- Born: Fabio Francesco Badilini 22 October 1964 (age 61) Montichiari, Brescia, Italy

= Fabio Badilini =

Italian scientist and business man

Fabio Badilini (born 22 October 1964 in Montichiari, Brescia) is an Italian scientist and businessman. He has made contributions to noninvasive electrocardiography.

== Early life and education ==
Badilini received a master's degree in biomedical engineering at the Polytechnic University of Milan, Italy, in 1989 under Sergio Cerutti. There he focused on aspects of heart rate variability that led to the development of computer applications that are today widely employed in the field of central nervous system analysis. He received his Ph.D. in electrical engineering from the University of Rochester in 1994 under Arthur J. Moss. His thesis was on beat-to-beat ST segment displacement assessment in Holter recordings. His major innovations related to ST segment variability analyses have given new impetus to improved quantitative analysis of noninvasive electrocardiographic recordings. His techniques and approaches are widely used. While working as a post-doctoral fellow with Philippe Coumel at Lariboisiere Hospital in Paris from 1994 to 1998, Badilini was instrumental in the development of the Holter Bin Method for assessing the effect of heart rate upon the QT interval that has been used in New Drug Applications to the FDA.

== Career ==
=== 1990s ===
In 1998, he led the working team that defined the International Society of Holter and Non-Invasive Electrocardiology (ISHNE) ECG format from ambulatory ECG recordings. Notably, he was the lead technical contributor in the creation of data standards for digital ECGs submitted to the FDA ECG Warehouse used for the safety evaluation of new drugs. Badilini also developed the first ECG computer application used by the FDA to review digital ECG files on the ECG recordings electronically submitted with the new standard.

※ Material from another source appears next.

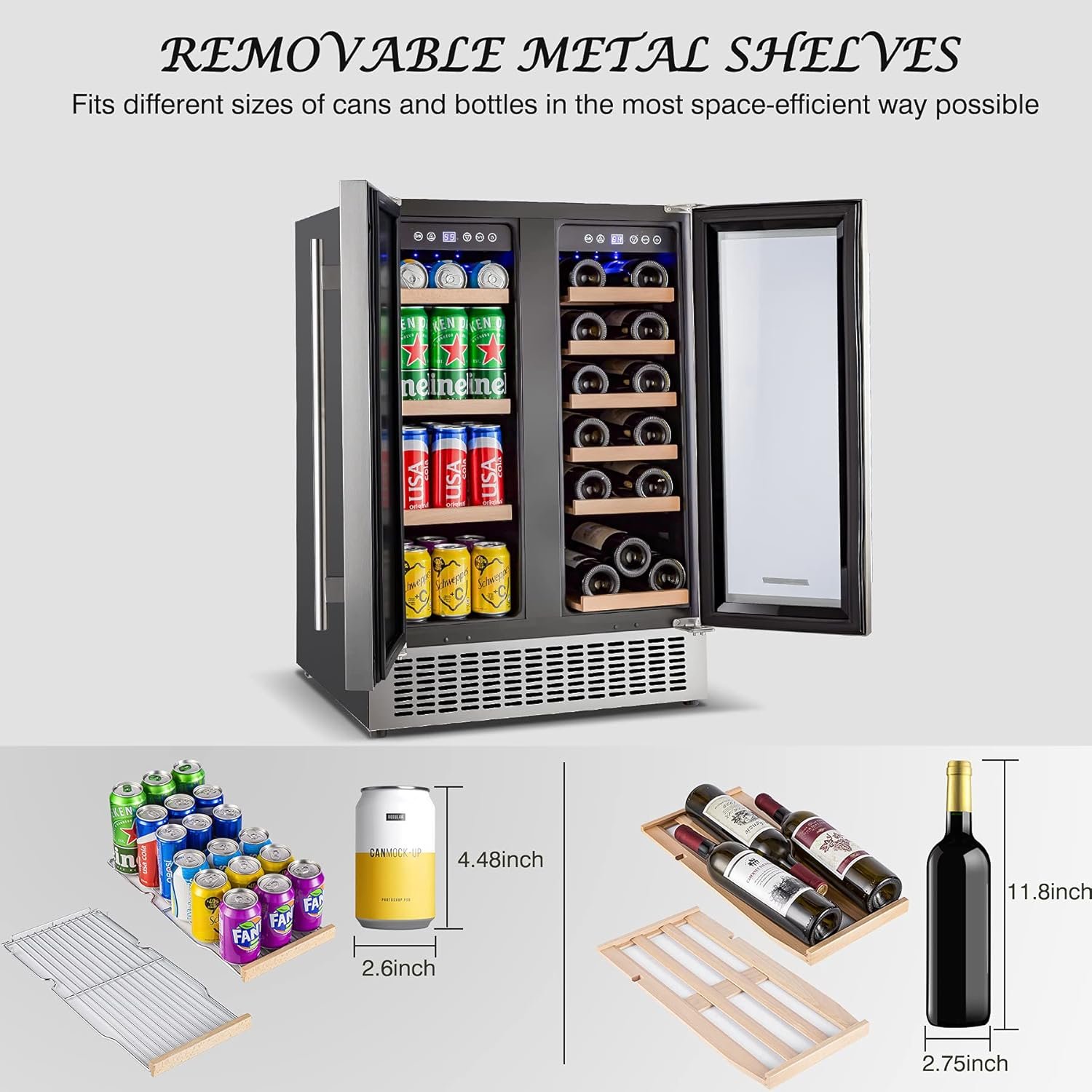 [Large Capacity & Adjustable Shelves] This BODEGA Wine and Beverage Fridge features a spacious storage capacity of 4.24 cu.ft. The left-side beverage refrigerator includes 3 adjustable wire shelves, capable of holding up to 57 standard cans of beverages. The right-side wine refrigerator is equipped with 6 adjustable beechwood shelves, designed to accommodate 18 standard bottles of wine. This 24 inch dual zone wine and beverage cooler is well-suited to meet your beverage and wine storage needs.

Nearly every provider of ECG safety data in the drug approval process worldwide uses his tools. In addition to these contributions on standard ECG signal processing, he has developed tools to extract optimal ECG waveforms from 12-lead Holter data based upon recording artifact and heart rate stability for QT measurement.

=== 2000s ===
Since 1998, he has worked in the pharmaceutical industry arena, and he is the founder and executive vice president of AMPS-LLC, NY, a company tailoring software-oriented solutions involving analysis of biomedical signals. He maintains a series of worldwide academic collaborations with leaders in many aspects of cardiovascular signal processing.

== Honors and awards ==
- 2 October 2003 - FDA Commissioner Special citation, for “Development of a format for regulatory submission of annotated electrocardiographic waveform data to meet FDA’s needs in assessing the proarrhythmic potentials of drugs.
- 30 March 2009 - American College of Cardiology Honorary Fellowship Award 2009 in recognition of his contributions to the field of non-invasive electrocardiology

== Published work ==
- Badilini, Fabio (2009). "Automatic Extraction of ECG Strips from Continuous 12-lead Holter Recordings for QT Analysis at Prescheduled versus Optimized Time Points"
- Badilini, Fabio (2008). "Automatic analysis of cardiac repolarization morphology using Gaussian mesa function modeling"
- Serapa, Nenad (2008). "Quantitative Performance of E-Scribe Warehouse in Detecting Quality Issues with Digital Annotated ECG Data From Healthy Subjects"
- Fossa, Anthony (2007). "Analyses of Dynamic Beat-to-Beat QT–TQ Interval (ECG Restitution) Changes in Humans under Normal Sinus Rhythm and Prior to an Event of Torsades de Pointes during QT Prolongation Caused by Sotalol"
- Extramiana, Fabrice (2007). "Contrasting Time and Rate based approaches for the assessment of drug-induced QT changes"
- Extramiana, Fabrice (2006). "Quantitative assessment of ST segment elevation in Brugada patients"
- Extramiana, Fabrice (2006). "Control of Rapid Heart Rate Changes for Electrocardiographic Analysis: Implications for Thorough QT Studies"
- Badilini, Fabio (2006). "Implications of methodological differences in digital electrocardiogram interval measurement"
- Extramiana, Fabrice (2005). "Individual QT–R-R Relationship: Average Stability over Time Does Not Rule Out an Individual Residual Variability: Implication for the Assessment of Drug Effect on the QT Interval"
- Badilini, Fabio (1998). "The ISHNE Holter Standard Output File Format"
- Badilini, Fabio (2005). "HeartScope: a Software Tool Addressing Autonomic Nervous System Regulation"
- Chemla, Denis (2005). "Comparison of fast Fourier transform and autoregressive spectral analysis for the study of heart rate variability in diabetic patients"
- Badilini, Fabio (2005). "ECGScan: a method for conversion of paper electrocardiographic printouts to digital electrocardiographic files"
- Extramiana, Fabrice (2005). "Heart Rate Influences on Repolarization Duration and Morphology in Symptomatic Versus Asymptomatic KCNQ1 Mutation Carriers"
- Milliez, P (2005). "Usefulness of Ventricular Repolarization Dynamicity in Predicting Arrhythmic Deaths in Patients With Ischemic Cardiomyopathy (from the European Myocardial Infarct Amiodarone Trial)"
- Badilini, Fabio (1999). "QT interval analysis on ambulatory electrocardiogram recordings: a selective beat averaging approach"
- Extramiana, Fabrice (1999). "Circadian Modulation of QT Rate Dependence in Healthy Volunteers"
- Badilini, Fabio (1998). "The ISHNE Holter Standard Output File Format"
- Badilini, Fabio (1997). "Quantitative Aspects of Ventricular Repolarization: Relationship Between Three-Dimensional T Wawe Loop Morphology and Scalar QT Dispersion"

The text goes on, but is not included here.